One consumer stock that is dominated by its exposure to the UK is Sports Direct (LSE: SPD). It has been a major success story of recent years, with a struggling UK economy forcing shoppers to focus more than ever on the price of their purchases. And, with its sound business model of being highly competitive on branded goods and being able to successfully cross-sell own-brand, high margin goods to customers, Sports Direct has posted a rise in its earnings of 25% per annum during the last five years.
Looking ahead, Sports Direct is expected to deliver an increase in its earnings of 11% this year, followed by 15% next year. As a result, it trades on a price to earnings growth (PEG) ratio of just 1.1, which indicates that now is a great time to buy a slice of the business. That’s especially the case since shoppers continue to seek out discounted products even though their wages are now rising faster than inflation.
Meanwhile, Diageo (LSE: DGE) has considerable exposure to another economy that is performing well: the US. Certainly, it has increased its exposure to China in recent years, but it remains a truly global beverages company that should offer stability as well as upbeat growth performance as a number of its major markets pick up their growth pace.
Furthermore, Diageo continues to have a portfolio of brands that has huge appeal.
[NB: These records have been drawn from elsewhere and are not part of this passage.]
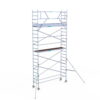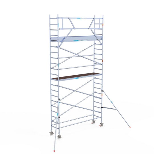 190 cm: Dit is de kleinste standaardmaat voor rolsteigers. Uitzonderingen zijn extra compacte kamersteigers of 1-persoonssteigers, die vaak platformlengtes van 120, 140 of 165 cm hebben. De 190 cm-variant wordt veel gebruikt bij kamersteigers en biedt voldoende ruimte om alleen comfortabel te werken.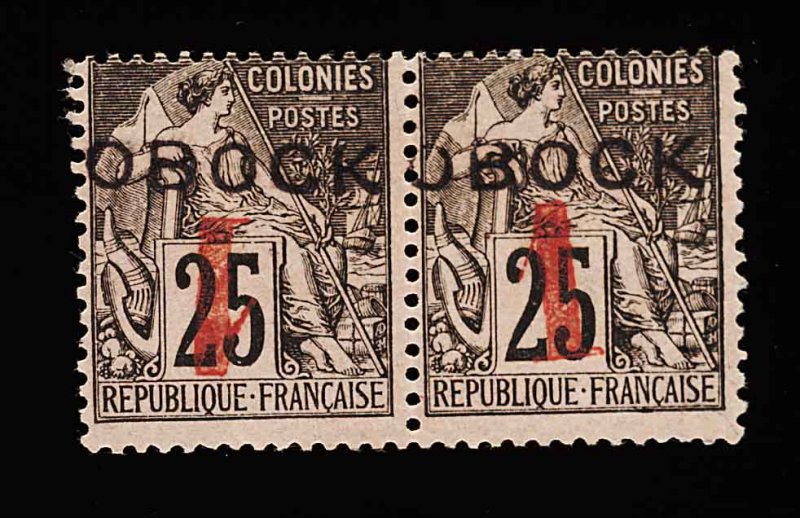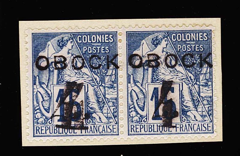 157 og 14 var./20 var. example image#14var./20var., 1892 10c, 15c, 20c, 40c and 1Fr, with "Obock" handstamp, double ovpts., each with two distinct overprints, fresh colors, o.g., fine-very fine; a scarce group of errors; 15c and 20c signed Calves; unlisted in Scott (Yvert #14a, 15a, 16a, 18a, 20a). (Example Image) Yvert 6,100FF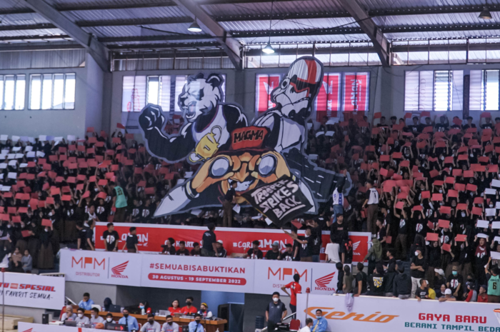 Memasuki akhir pekan, suasana GOR Bimasakti makin ramai. Bergelimang jargon menambah keseruan perhelatan Honda DBL with KFC 2022 East Java Series – South Region. Barbagai suporter memadati tribun mendukung sekolah mereka masing-masing.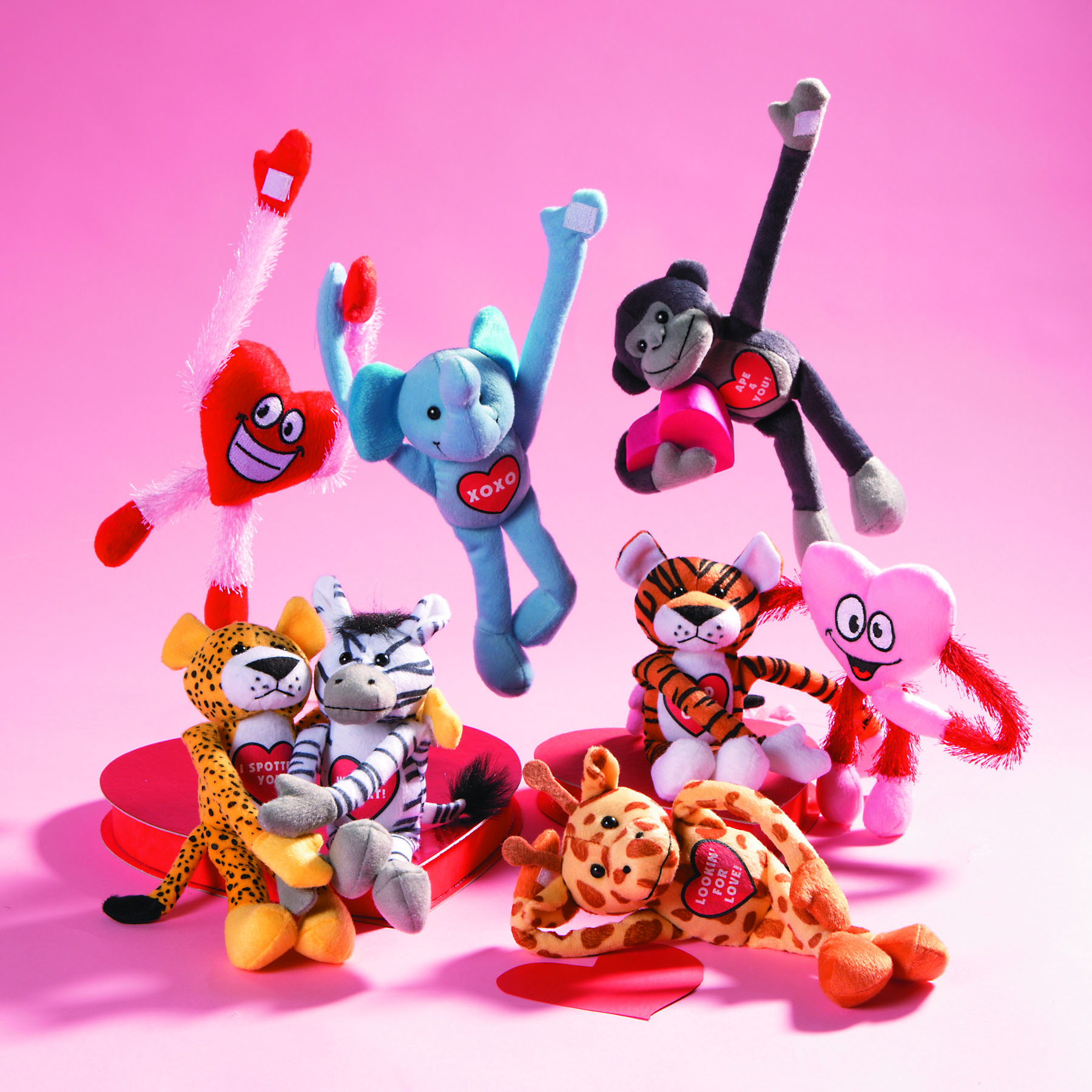 Our adorable Plush Long Arm Valentine Animals love hanging around at the party! Use them as Valentine's Day decorations that are also cute party favors that guests can cherish and enjoy all year long. Send them to your child's Sunday School or classroom Valentine's Day party as sweet alternatives to sugary Valentine's candy that youngsters will enjoy long after the treats are eaten! Includes touch fastener hands. Hanging 11"; arm span, 13 1/2". Assorted.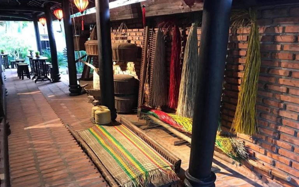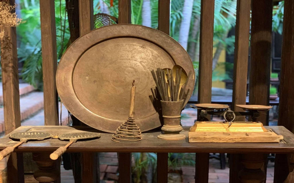 Tiếp theo là ngôi nhà gỗ thứ nhất được bài trí với khung dệt cổ của người làng nghề lụa Ngân Sơn cùng những vật dụng đánh bắt cá ven sông như: nơm, lộng, chấn, đăng; những vật gia dụng khuôn bánh thuẩn, bánh kẹp, bánh in, chát, lu gốm, cối xay lúa, quạt giê lúa, đôi nừng, cày, bừa và những chiếc máy may cũ kết hợp làm bàn cà phê, máy điện thoại cổ…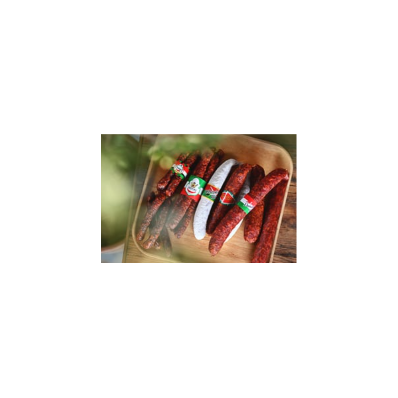 Vyladěná chuťová kompozice z masa divokého prasete a kvalitního vepřového výřezu. Doporučujeme ke grilování i pro studenou kuchyni.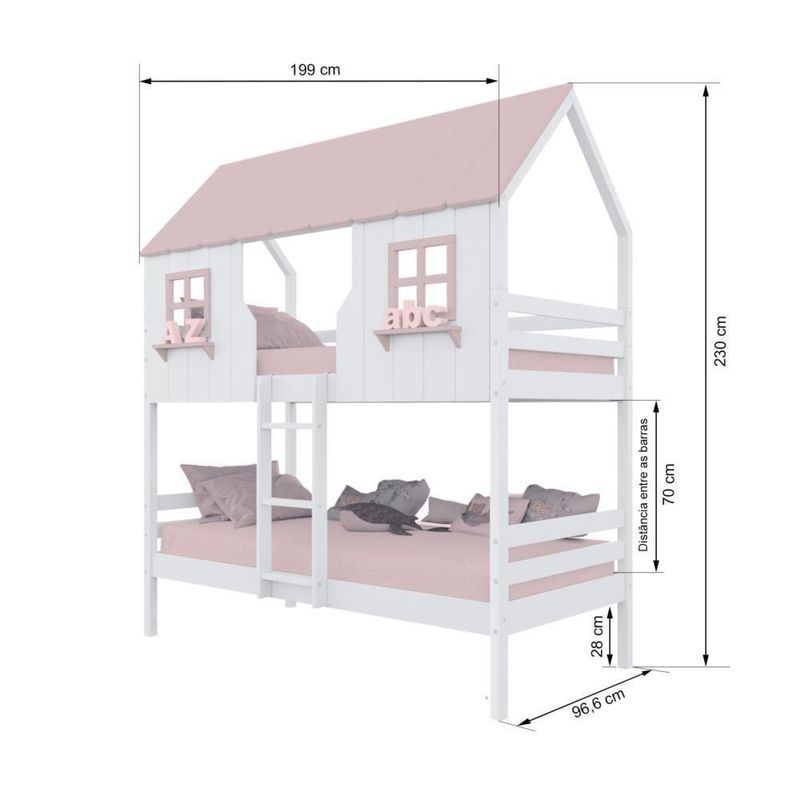 Beliche Casinha Encantada Madeira Maciça Branco/ Rosa Megamobilia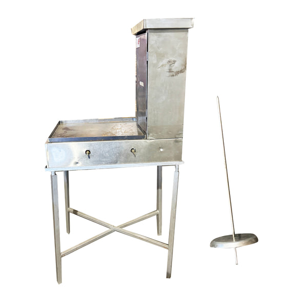 Griddle for Pastor and Base – Sturdy cooking surface designed for efficient preparation of pastor. Includes base for stability and ease of use in home or commercial kitchens.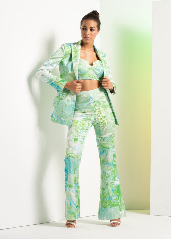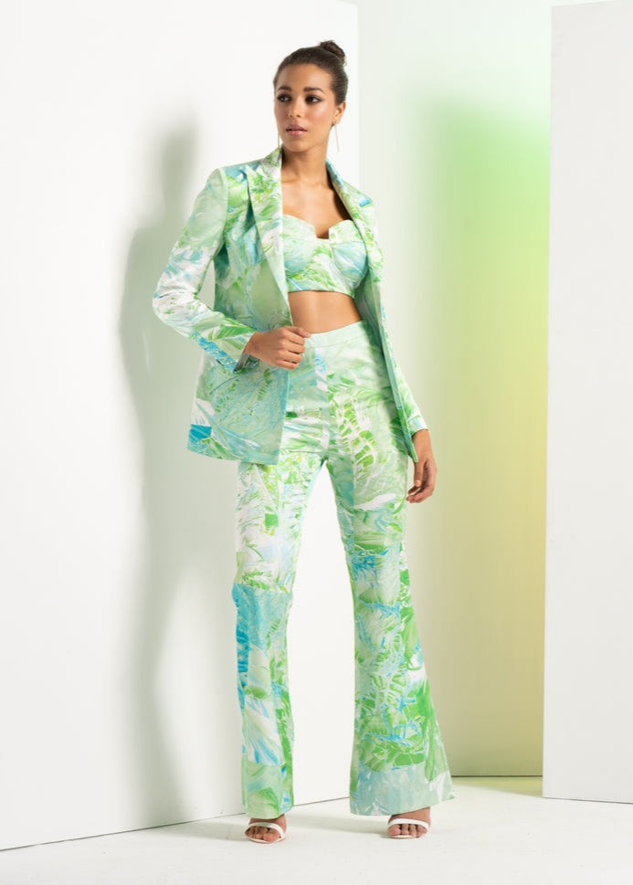 Green Raw Crystal Pant Suit Set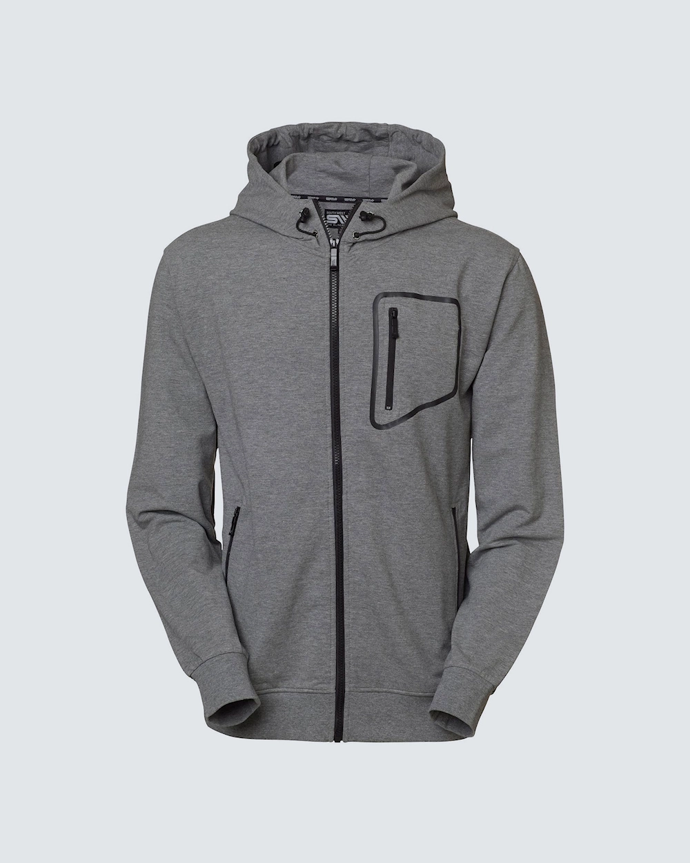 Collegetakki joustavasta neuletrikoosta, jonka sivutaskuissa ja rintataskussa tehostevärinen vetoketju ja ketjussa logovetimet. Hupussa korkea kaulanosuus sekä nyöri, jonka avulla voi säätää hupun etureunaa.
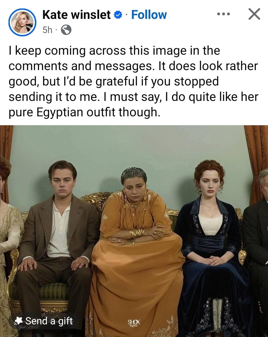 ونشرت كيت وينسليت عبر حسابها الخاص في “فيسبوك” الصورة، وعلّقت عليها باستغاثة للجمهور المصري بعدم إرسالها إليها مرة أخرى، وذلك بعد وضع الصورة مراراً في أي منشور لها خلال الفترة الماضية.

Unlike a number of its sector peers, it does not focus on one drinks category, and so is a lower risk option. In other words, if sales of one beverage, for example vodka, were to decline then Diageo has vast exposure to whisky, rum, stout, tequila and other alcoholic beverages through which to pick up the slack. Therefore, as well as global diversity, Diageo has product diversity and, together, they make it a relatively low risk option.
Of course, exposure to the emerging world is no bad thing. Chinese growth rates may not be as high as they were a few years ago but, with growth of over 7% per annum, they remain very strong. As such, the likes of fashion designer Ted Baker (LSE: TED) and car dealer Inchcape (LSE: INCH) remain very enticing.
In recent years, both companies have increased their exposure to the emerging world and, looking ahead, are expected to reap the rewards. For example, Ted Baker is forecast to grow its earnings by 19% in the current year and by 16% next year. And, despite its shares having risen by 36% since the turn of the year, they still offer excellent value for money; as evidenced by a PEG ratio of only 1.7. Furthermore, with a strong balance sheet and well-respected brand, Ted Baker appears to have limited downside, too.
Similarly, Inchcape is due to post upbeat earnings numbers over the next couple of years. Its net profit is expected to rise by 9% next year, which puts it on a PEG ratio of 1.4. Certainly, China is an important market for Inchcape and for the wider automotive industry, with a rising number of middle class individuals there seeking out premium car ownership. And, while doubts may remain in the short run surrounding the Chinese growth story, the fact is that it remains a fast-growing market for consumer goods and, as such, Inchcape remains well-placed to continue the 12% per annum growth rate that it has posted in the last four years.